Take the listing below and print exactly the lines starting at the line containing "授業自体には正直ついていけて" and ending at the line containing "Nuestra primera visita", both ends included, and no others.

┌─ SUPPLIED INFORMATION

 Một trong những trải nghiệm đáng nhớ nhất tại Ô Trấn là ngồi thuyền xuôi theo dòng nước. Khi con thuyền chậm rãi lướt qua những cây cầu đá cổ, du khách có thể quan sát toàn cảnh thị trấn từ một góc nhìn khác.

└─
┌─ SUPPLIED INFORMATION

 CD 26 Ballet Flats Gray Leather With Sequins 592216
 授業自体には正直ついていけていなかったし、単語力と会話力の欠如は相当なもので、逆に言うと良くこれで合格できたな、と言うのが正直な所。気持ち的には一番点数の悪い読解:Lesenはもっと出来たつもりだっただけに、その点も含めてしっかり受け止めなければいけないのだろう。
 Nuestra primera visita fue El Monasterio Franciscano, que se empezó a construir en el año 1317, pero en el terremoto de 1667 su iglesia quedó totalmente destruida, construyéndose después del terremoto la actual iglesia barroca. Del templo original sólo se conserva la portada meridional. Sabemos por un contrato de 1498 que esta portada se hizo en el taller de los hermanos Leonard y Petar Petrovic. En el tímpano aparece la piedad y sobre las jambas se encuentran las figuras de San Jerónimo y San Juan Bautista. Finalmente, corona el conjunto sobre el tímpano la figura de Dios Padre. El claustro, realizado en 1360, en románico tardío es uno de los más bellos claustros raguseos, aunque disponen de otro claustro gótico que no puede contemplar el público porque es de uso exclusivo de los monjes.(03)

└─

* **ANSWER FOR THE TASK**:
 授業自体には正直ついていけていなかったし、単語力と会話力の欠如は相当なもので、逆に言うと良くこれで合格できたな、と言うのが正直な所。気持ち的には一番点数の悪い読解:Lesenはもっと出来たつもりだっただけに、その点も含めてしっかり受け止めなければいけないのだろう。
 Nuestra primera visita fue El Monasterio Franciscano, que se empezó a construir en el año 1317, pero en el terremoto de 1667 su iglesia quedó totalmente destruida, construyéndose después del terremoto la actual iglesia barroca. Del templo original sólo se conserva la portada meridional. Sabemos por un contrato de 1498 que esta portada se hizo en el taller de los hermanos Leonard y Petar Petrovic. En el tímpano aparece la piedad y sobre las jambas se encuentran las figuras de San Jerónimo y San Juan Bautista. Finalmente, corona el conjunto sobre el tímpano la figura de Dios Padre. El claustro, realizado en 1360, en románico tardío es uno de los más bellos claustros raguseos, aunque disponen de otro claustro gótico que no puede contemplar el público porque es de uso exclusivo de los monjes.(03)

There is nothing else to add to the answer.